Z Wikiźródeł, wolnej biblioteki
Ta strona została przepisana.

— Więc przypuszczasz, że bracia z ducha i pojęć byliby zdolni...
— »I nie wódź nas na pokuszenie...« My pragniemy swobody bez zastrzeżeń...
— Nawet bez... braterstwa?
— O... zgoda na braterstwo... równych sobie...
— Ależ zgadzam się, najzupełniej zgadzam... — radośnie zawołał Kiesza i westchnął, jakgdyby mu ciężar spadł z piersi.
Szumski spojrzał nań życzliwie, ale po zmęczonej jego twarzy, już pożłobionej przedwczesnemi zmarszczkami, przesunął się ledwie dostrzegalny uśmiech.
Była to ostatnia ich na ten temat rozmowa, ostatni etap serdecznego zbliżenia.

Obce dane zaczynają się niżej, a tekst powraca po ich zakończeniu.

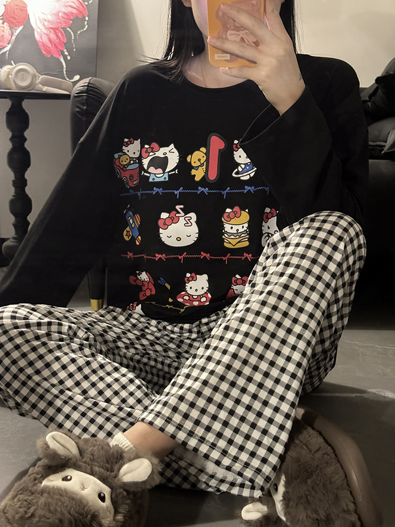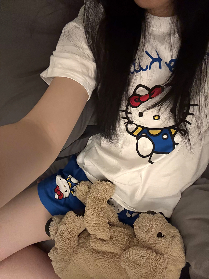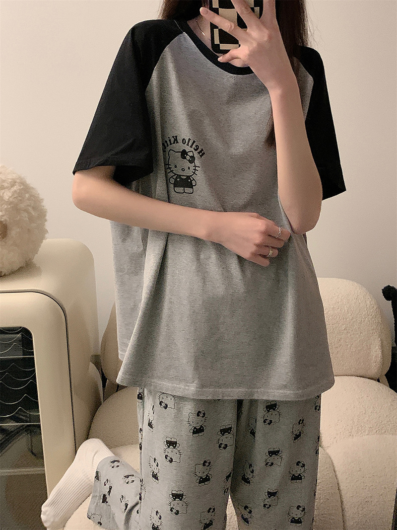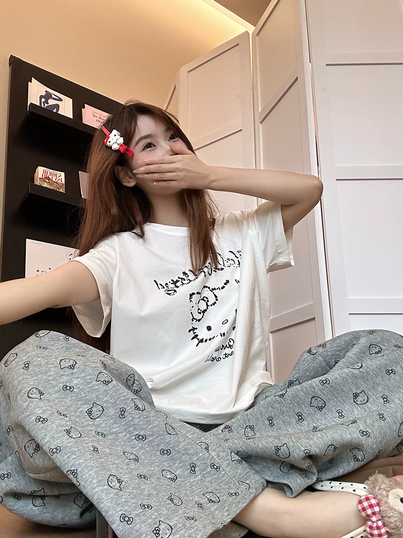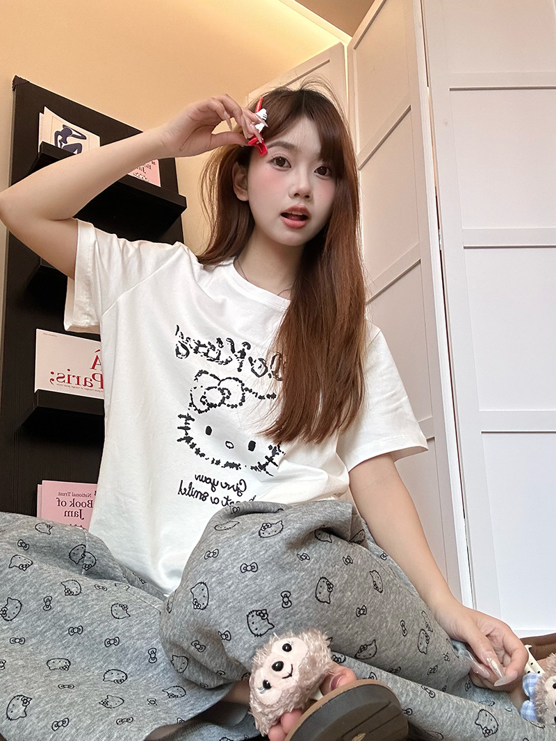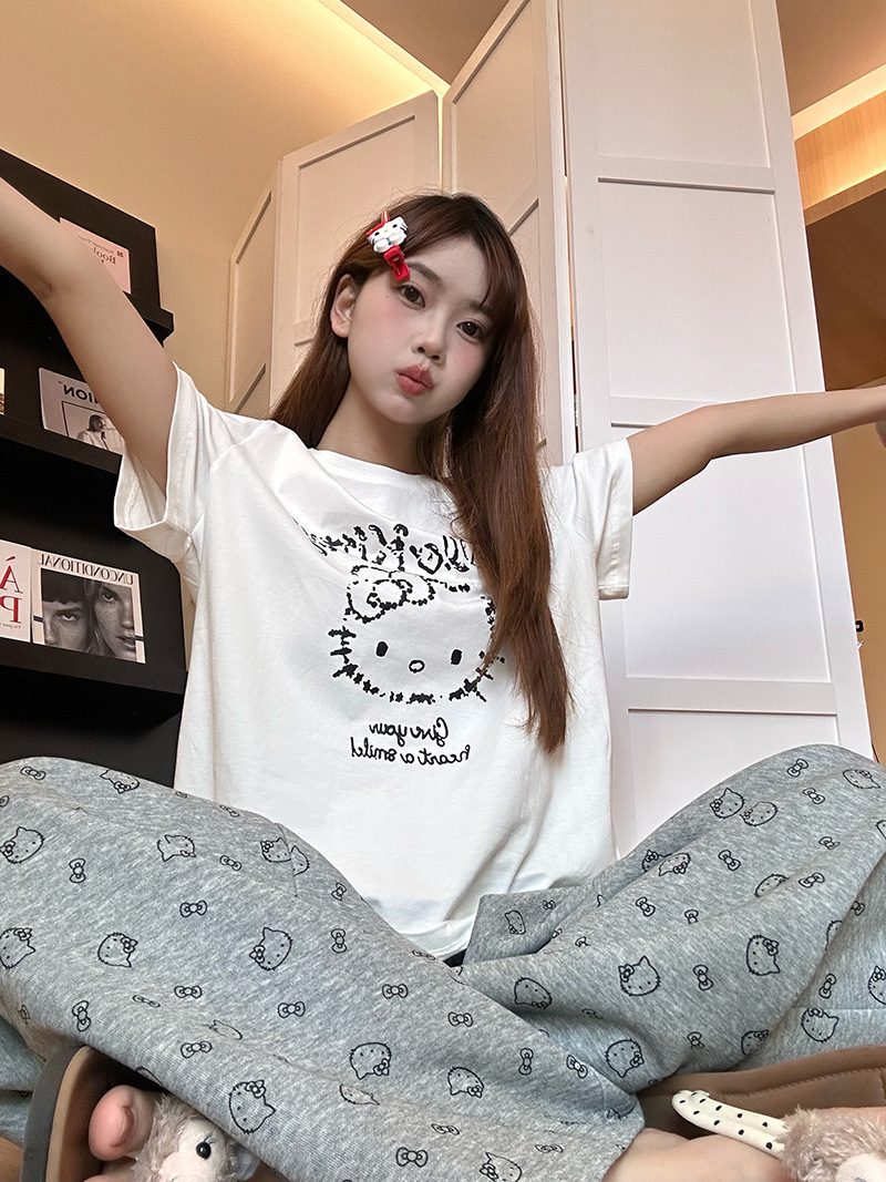 Ins Girls 귀여운 헬로 키티 짧은 소매 파자마 여성의 봄과 여름 2025 새로운 티셔츠 바지 홈 의류 세트

— Ach, jakżebym chciał spotkać się raz jeszcze z tobą... później... — mówił z przejęciem Kiesza, siadając obok Wiktora.
Ten objął go wpół.
— Kiedy... wszyscy wolni, wszyscy dobrzy... wszyscy zdrowi, piękni i ukształceni... Lubię i ja... pomarzyć... Żyć w atmosferze, gdzie każdy myśli o wszystkich, a nikt o sobie...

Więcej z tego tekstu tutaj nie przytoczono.